Saturday, April 17, 2004
(6:25 PM) | Adam Kotsko:
Joy and Revolution
Is there room for joy in philosophy, specifically in “revolutionary” philosophy?
Slavoj Žižek, in his “Repeating Lenin,” has this to say:
Lenin's slanderers like to evoke his famous paranoiac reaction at listening to Beethoven's appasionata (he first started to cry, then claimed that a revolutionary cannot afford to let himself go to such sentiments, because they make him too weak, wanting to pat the enemies instead of mercilessly fighting them) as the proof of his cold self-control and cruelty - however, even at its own terms, is this accident effectively an argument AGAINST Lenin? Does it not rather bear witness to an extreme sensitivity for music that needs to be kept in check in order to continue the political struggle? Who of today's cynical politicians still displays even a trace of such a sensitivity? Is not Lenin here at the very opposite of the high-ranked Nazis who, without any difficulty, combined such a sensitivity with the extreme cruelty in taking political decisions (suffice it to recall Heydrich, the holocaust architect, who, after a hard day's work, always found time to play with his comrades Beethoven's string quartets) - is not the proof of Lenin's humanity that, in contrast to this supreme barbarism, which resides in the very unproblematic unity of high culture and political barbarism, he was still extremely sensitive to the irreducible antagonism between art [and] power struggle?This Leninist “paranoia” is similar to a certain Wesleyan paranoia—but the difference is significant. Wesleyan asceticism is oriented toward joy, as the Plain Account of Christian Perfection makes clear. But what is the outcome of the Leninist revolution? A world of grayness, a purgatory.

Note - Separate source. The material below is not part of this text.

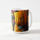 This piece captures a woman walking down the city streets with an umbrella. Its rich hues of orange, blue, and red painting a vivid image of sheer chic.

This is not to take some naïve approach and “choose America” over the communist debacle, nor is it an attempt to commend the concrete results of the Wesleyan revolution—the paranoia and cruelty of the Church of the Nazarene and the “apolitical” reactionism of many pentecostal churches prevent me from taking that route. So what am I proposing? “Joy in Christ”? Perhaps. I quote this from Barth’s Humanity of God:
But it is just in view of Jesus Christ that the judgment is made that God’s divinity does not exclude, but includes his humanity. If only Calvin had continued thinking more energetically at this point in his Christology, in his doctrine of God, in his doctrine of predestination and then logically in his ethics! Then his Geneva would not have become such a dismal affair. Then his letters would not have contained so much bitterness.The really revolutionary thing about Christianity, for Žižek and others, is that everything has already happened. I don’t know if they necessarily think this through in all its rigor, ignorant as they seem to be of much twentieth-century theology—the coming future, the messianic kingdom, has content. We already know what it looks like, and it looks like Jesus of Nazareth. The future has already happened and is happening. How different this is from a joyless Marxism, where the shape of society “after the revolution” can never be conceptualized—and where, consequently, revolution itself becomes the promised utopia. To quote Žižek:
Which, then, is the criterion of the political act? Success as such clearly doesn't count, even if we define it in the dialectical way of Merleau-Ponty, as the wager that future will retroactively redeem our present horrible acts (this is how, in his Humanism and Terror, Merleau-Ponty provided one of the more intelligent justifications of the Stalinist terror: retroactively, it will become justified if its final outcome will be true freedom); neither does the reference to some abstract-universal ethical norms. The only criteria is the absolutely INHERENT one: that of the ENACTED UTOPIA. In a proper revolutionary breakthrough, the utopian future is neither simply fully realized, present, nor simply evoked as a distant promise which justified present violence - it is rather as if, in a unique suspension of temporality, in the short-circuit between the present and the future, we are - as if by Grace - for a brief time allowed to act AS IF the utopian future is (not yet fully here, but) already at hand, just there to be grabbed. Revolution is not experienced as a present hardship we have to endure for the happiness and freedom of the future generations, but as the present hardship over which this future happiness and freedom already cast their shadow - in it, we ALREADY ARE FREE WHILE FIGHTING FOR FREEDOM, we ALREADY ARE HAPPY WHILE FIGHTING FOR HAPPINESS, no matter how difficult the circumstances. Revolution is not a Merlo-Pontyan wager, an act suspended in the futur anterieur, to be legitimized or delegitimized by the long term outcome of the present acts; it is as it were ITS OWN ONTOLOGICAL PROOF, an immediate index of its own truth.The Christian utopian vision short-ciruits even this Leninist utopia: we can enjoy freedom and happiness now, without even fighting. The pacifism of the early church is a new kind of messianic ideal in which war itself is skipped over. This may well be “revolution without revolution,” or it could be a radical step further, “a stumbling block to the Jews and foolishness to the Gentiles”—embracing the accusation of “revolution without revolution,” enjoying a revolution that has already been accomplished.
The Christian hope is perhaps perverse, and it is not self-evidently correct or desirable, but it is at very least distinctive.